Shares in Balfour Beatty, which have underperformed the U.K. construction and materials sector by 14% over the last 12 months, were down 0.2%, valuing the group at around 1.9 billion pounds.
"In our view Balfour Beatty remains the most attractive stock in the contracting universe and based on sum of the parts analysis (using conservative assumptions), we estimate the shares should be trading over 500 pence," Millington said.
Balfour Beatty said earlier this year it had bought Centex Construction, a unit of the fourth-largest U.S. home builder Centex , for $362 million.
The group said it had won four contracts as part of the U.S. Department of Defense's $30 billion Base Realignment and Closure (BRAC) program, which will involve more than 800 projects in over 200 bases.
"We would expect to get a proportion of that. I would hope that we would be in a good position to win a good chunk of that work," Tyler said.
Balfour Beatty is a partner in Metronet, the company contracted to upgrade two-thirds of London's underground rail network, which filed for administration in July after running out of cash due to a projected 2 billion pounds of overspending.

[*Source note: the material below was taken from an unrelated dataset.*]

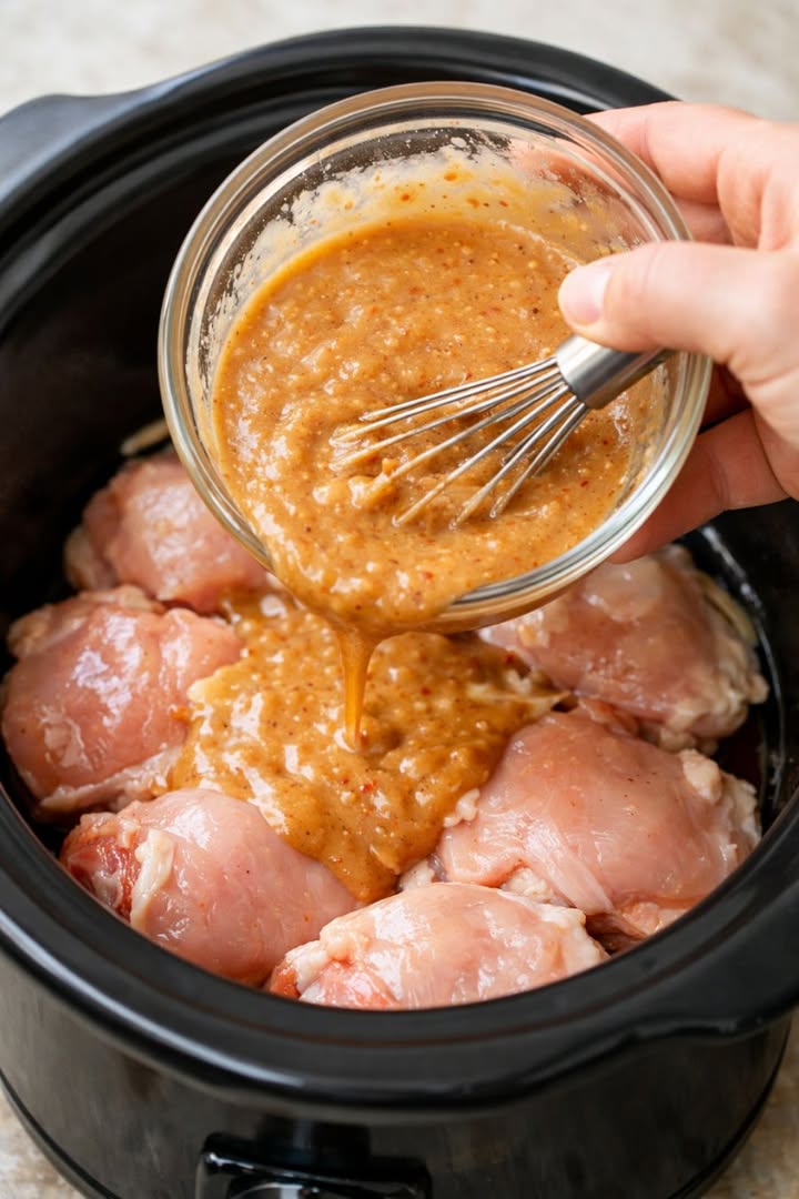 By using boneless, skinless chicken thighs, we ensure the meat stays incredibly juicy and tender, unlike chicken breasts which can often dry out during a long slow-cooker cycle. The star of the show, however, is the whisked sauce. It’s a balanced blend of aromatics and pantry staples that thickens into a glossy glaze as it cooks.

The other partners are EDF Energy, WS Atkins, Bombardier and Macquarie Bank's Thames Water.
Balfour Beatty said it had made a 103 million pound write-off for its investment in Metronet, but this had been offset by the sale of its stake in Devonport to Babcock International and tax benefits in the United States.
The group said it would pay an interim dividend of 4.6 pence per share, up from 3.9p the year before.